I find your hand and hold it, seeking reassurance from my own fear of learning the verdict. You reach out with one hand and turn on the bedside lamp. I look at you and see my racing thoughts reflected in your eyes. I ruffle your hair and try to smile, asking myself if the answer will destroy our right to marriage and allow my friends and loved ones to be fired, invalidated, and stripped of our rights. I don’t know if people like us will be sent to conversion camps for loving who we love, for being brave enough to live as who we are. Will you, my love, be forced to use the wrong bathroom for the next four years, living every minute in fear of state-endorsed violence, humiliation, invalidation, assault? What will happen to the hormones that have lifted you out of depression, dysphoria, and suicidal thoughts? Will we go back to living in shame and silence, as abominations? Which world will the two of us in this room enter when we look at that glowing phone screen?
“It’s going to be fine,” I hear you saying from very far away. “Just think: this could be the day we enter a country in which a woman can be president, where human rights are women’s rights and women’s rights are human rights.”

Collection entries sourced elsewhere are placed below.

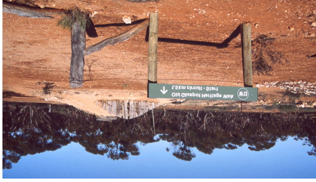
The remains of the Old Gluepot Homestead - the underground room can be seen in the background.
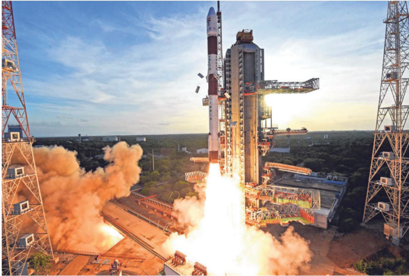
The 44m-tall rocket, called a Polar Satellite Launch Vehicle and carrying the three Singapore satellites, lifting off on Thursday from the Satish Dhawan Space Centre in South India. The satellites were released into orbit about 570km above Earth a little after 8.50pm Singapore time.
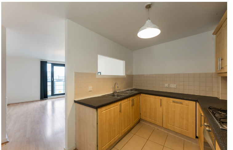
Kitchen/ Iliving area
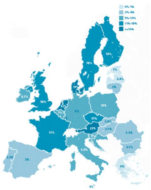
Figure 3: Social housing as a percentage of the total housing (Pittini en Laino, 2011: 23).

On the question of European colleagues how it can be that the Netherlands, as one of the richer EU countries, is in need of so much social housing, Netherlands still owes the answer. By defining an iron stock – the number of available homes for the primary target group – and the rest of the housing stock in a subsidiary, a commercial housing stock has appeared. By this model 'Servatius' – named after the Housing Corporation Servatius in Maastricht – (Aedes magazine 2007-4) by extrapolating to the Dutch social housing stock the Netherlands shares a similar place in the rankings as England, Austria, Denmark and the Czech Republic. This would be the solution for preventing the discussion in Europe about the social housing in the Netherlands and State aid, on which European Commissioner Kroes in 2005 from the European Union have previously complained.
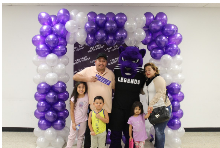
Families who registered for the Lottery last year.
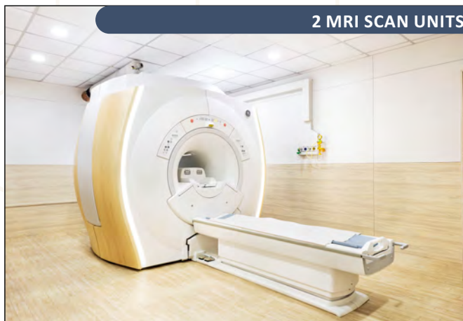
2 MRI SCAN UNITS
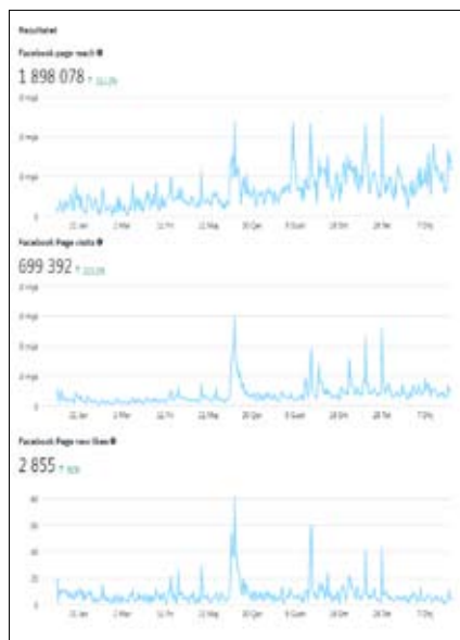
(The chart which continuously shows that the KP Facebook page is growing)

Clarification: Thanks to the work, commitment and publications during 24 hours, 7 days a week coming from the media office, the KP website is the first in the country as the most visited and most liked by citizens/followers. It should be known that there has never been any sponsorship or boost to increase such likes.
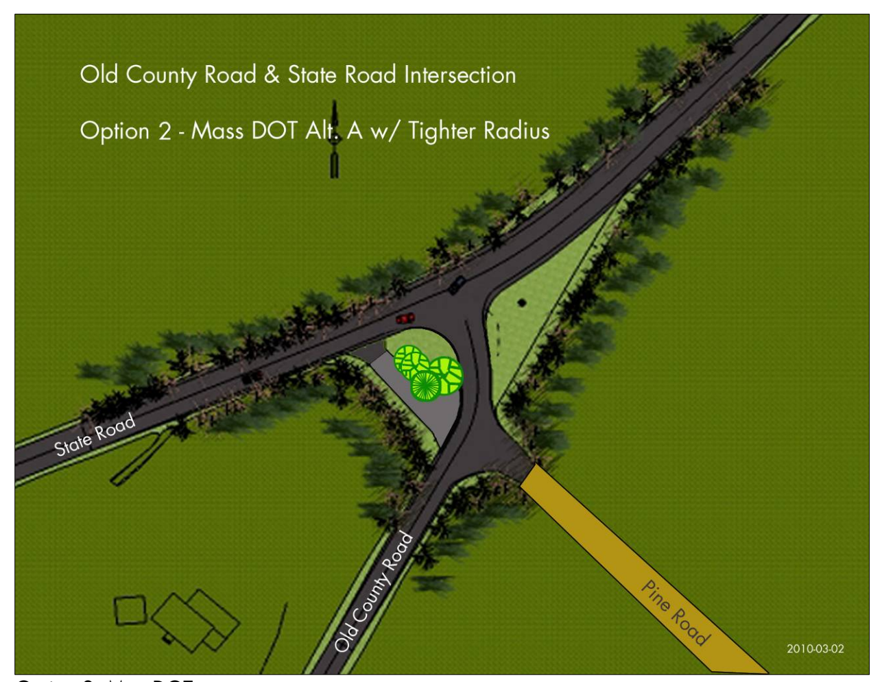
Option 2: MassDOT

Note that this sketch is based on the intersection location proposed by MassDOT, but the dimensional requirements are tighter as explained in the next section.

Despite these words I can feel your hand getting clammier and colder within mine. “I love you,” I say. It isn’t enough, but it’s what I can say without choking on my rage tears. “I’ll fight for you and support you in every way I can.” You laugh shakily, breaking our eye contact. I lean in closer to you, wishing to transform my body and its cisgenderism into armor; perhaps it can become an iron breastplate that can replace your daily indignity of needing to wear a binder.
“You may write me down in history with your bitter, twisted lies,” you whisper softly to me, quoting Maya Angelou.
“You may tread me in the very dirt, but still, like dust, I’ll rise,” I whisper back. The screen lights up again. This time we will read its message.